# [PROBLEM]
Each line of the material must be reproduced exactly; pictures stay out.

----- RAW DATA

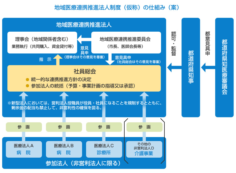 「地域医療連携推進法人の創設」を含んだ改正医療法は、2015年9月16日に可決されました。ただ、適用開始は公布の日から2年以内の予定となっているため、今後取扱い等が公表されていきます。ゆびすいにおいても、情報が入り次第、地域医療連携推進法人の最新情報を提供いたします。
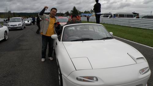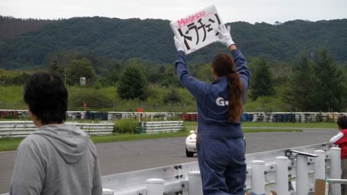 そ~です PITサインボード です。 朝一番で 「なんか紙あるかな~ 」というからもしかしてと思ったらやっぱり「サインボード忘れちゃって(+_+)」との事。 しかしノープランでもクラス優勝しちゃうんだから凄いチームですよね! ロドスタに乗っている時に見つけたMonchaの笑顔素敵でしたよ! ◇クラス2位/総合8位 №81Monbrazo弐号/ロードスター
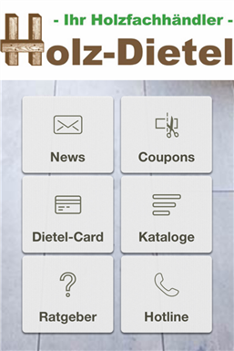 Dietel-App - App für Alles rund um Holz, Garten, Terrassendielen, Wohnen im Garten und Bauen. Neben den aktuellen Events, finden Sie auch umfangreiche Ratgeber zum Thema Holz und Terrassen. Aktuelle Angebote aus unserem Shop, unsere Kataloge oder Infos zu unserem Unternehmen runden das Angebot ab. Dazu finden Sie alles rund um die Dietel Card unsere Kundenkarte für Kunden von Holz Dietel.
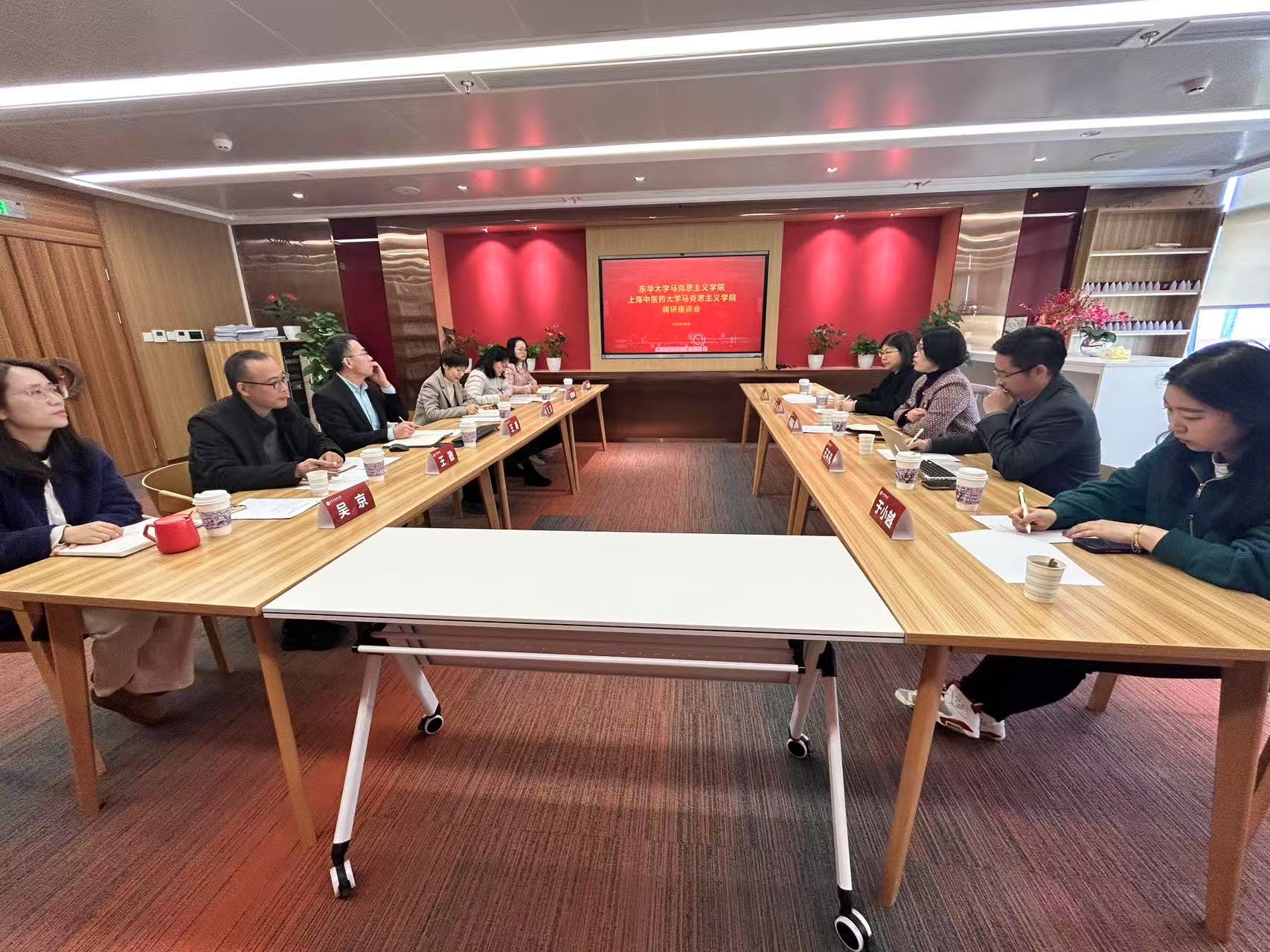 调研团队首先参观了上海中医药大学马克思主义学院的“习语中医药”主题教室,随后在会议室举行了座谈会。会上王鑫对东华大学调研团队的到来表示热烈欢迎,并从学科建设、思政课教育教学、师资队伍、“杏马远志计划”党建品牌建设等方面系统介绍了学院的发展现状。林惠英介绍了东华大学马克思主义学院的发展概况及建设思路。王芳指出,希望双方能够进一步深化合作,特别是在青年教师科研能力提升方面建立常态化互动机制,实现优势互补、共同发展。

----------

# [SOLUTION FOR THIS TASK]
 「地域医療連携推進法人の創設」を含んだ改正医療法は、2015年9月16日に可決されました。ただ、適用開始は公布の日から2年以内の予定となっているため、今後取扱い等が公表されていきます。ゆびすいにおいても、情報が入り次第、地域医療連携推進法人の最新情報を提供いたします。
 そ~です PITサインボード です。 朝一番で 「なんか紙あるかな~ 」というからもしかしてと思ったらやっぱり「サインボード忘れちゃって(+_+)」との事。 しかしノープランでもクラス優勝しちゃうんだから凄いチームですよね! ロドスタに乗っている時に見つけたMonchaの笑顔素敵でしたよ! ◇クラス2位/総合8位 №81Monbrazo弐号/ロードスター
 Dietel-App - App für Alles rund um Holz, Garten, Terrassendielen, Wohnen im Garten und Bauen. Neben den aktuellen Events, finden Sie auch umfangreiche Ratgeber zum Thema Holz und Terrassen. Aktuelle Angebote aus unserem Shop, unsere Kataloge oder Infos zu unserem Unternehmen runden das Angebot ab. Dazu finden Sie alles rund um die Dietel Card unsere Kundenkarte für Kunden von Holz Dietel.
 调研团队首先参观了上海中医药大学马克思主义学院的“习语中医药”主题教室,随后在会议室举行了座谈会。会上王鑫对东华大学调研团队的到来表示热烈欢迎,并从学科建设、思政课教育教学、师资队伍、“杏马远志计划”党建品牌建设等方面系统介绍了学院的发展现状。林惠英介绍了东华大学马克思主义学院的发展概况及建设思路。王芳指出,希望双方能够进一步深化合作,特别是在青年教师科研能力提升方面建立常态化互动机制,实现优势互补、共同发展。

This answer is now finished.